Les articulations intervertébrales

Chaque vertèbre s’articule avec la vertèbre sus et sous-jacente (sauf l’atlas qui s’articule avec les condyles occipitaux et bien sûr les vertèbres coccygiennes).
Les vertèbres s’unissent par trois articulations :

  • le disque intervertébral unissant les plateaux de deux vertèbres.
  • les deux articulations inter apophysaires postérieures, où les apophyses articulaires supérieures d’une vertèbre s’articulent avec les apophyses articulaires inférieures de la vertèbre sus-jacente.

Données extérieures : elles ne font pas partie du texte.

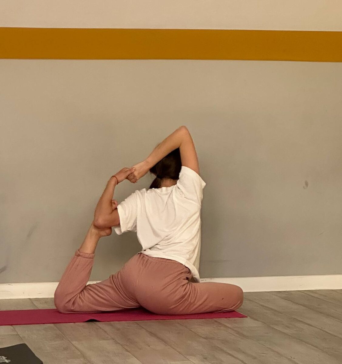 Девочка моя на ковре со мной 🥰 Сложнейшая вариация раджа капотасаны с первого раза. Всё-таки йога длиной в 17 лет сделала её тело удивительно гибким и выносливым. Не боится ни боли, ни усталости. А вот пауков боится до слез 😅 маленькая моя, любимая, как же я горжусь тобой!

La solidité est assurée par :

  • les ligaments vertébraux communs antérieur et postérieur,
  • les ligaments inter épineux,
  • les ligaments jaunes,
  • les ligaments interapophysaire,
  • les muscles rachidiens antagonistes des mouvements,
  • les capsules des articulations apophysaires postérieures.

Les rapports

La colonne vertébrale n’est évidemment pas isolée dans l’organisme, elle en est même le pilier et présente à ce titre de nombreux rapports avec les structures environnantes.

Vaisseaux sanguins

Outre la vascularisation proprement dite du rachis, il y a le passage de vaisseaux dans ou à proximité directe de la colonne.

L’artère vertébrale
Elle est une branche de l’artère subclavière (sous-clavière), et monte dans le canal formé par la superposition des foramens transversaires (canal transversaire) au niveau du rachis cervical.

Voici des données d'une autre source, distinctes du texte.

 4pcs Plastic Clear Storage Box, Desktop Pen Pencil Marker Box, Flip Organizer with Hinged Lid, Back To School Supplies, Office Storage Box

L’aorte thoracique (ensuite aorte abdominale)
Elle est la continuité de l’aorte et descend le long du rachis thoracique à sa paroi antérieure. Elle est décalée sur la gauche par rapport à l’axe de la colonne et permet ainsi, par exemple, de s’orienter sur une image médicale. Au niveau du rachis lombaire, elle donne les deux artères iliaques communes.

L’artère radiculaire antérieure d’Adamkiewicz
L’artère radiculaire antérieure d’Adamkiewicz ou grande artère radiculaire antérieure d’Adamkiewicz du nom d’Albert Adamkiewicz, est une artère amenant du sang oxygéné vers la moelle épinière.

L’axe aéro-digestif

C’est l’ensemble formé par l’œsophage et le larynx puis ensuite la trachée. Il débute en regard de C4 et se continue jusqu’à T4 (où la trachée se divise en deux bronches). Il est médian, c’est-à-dire qu’il chemine juste devant les corps vertébraux.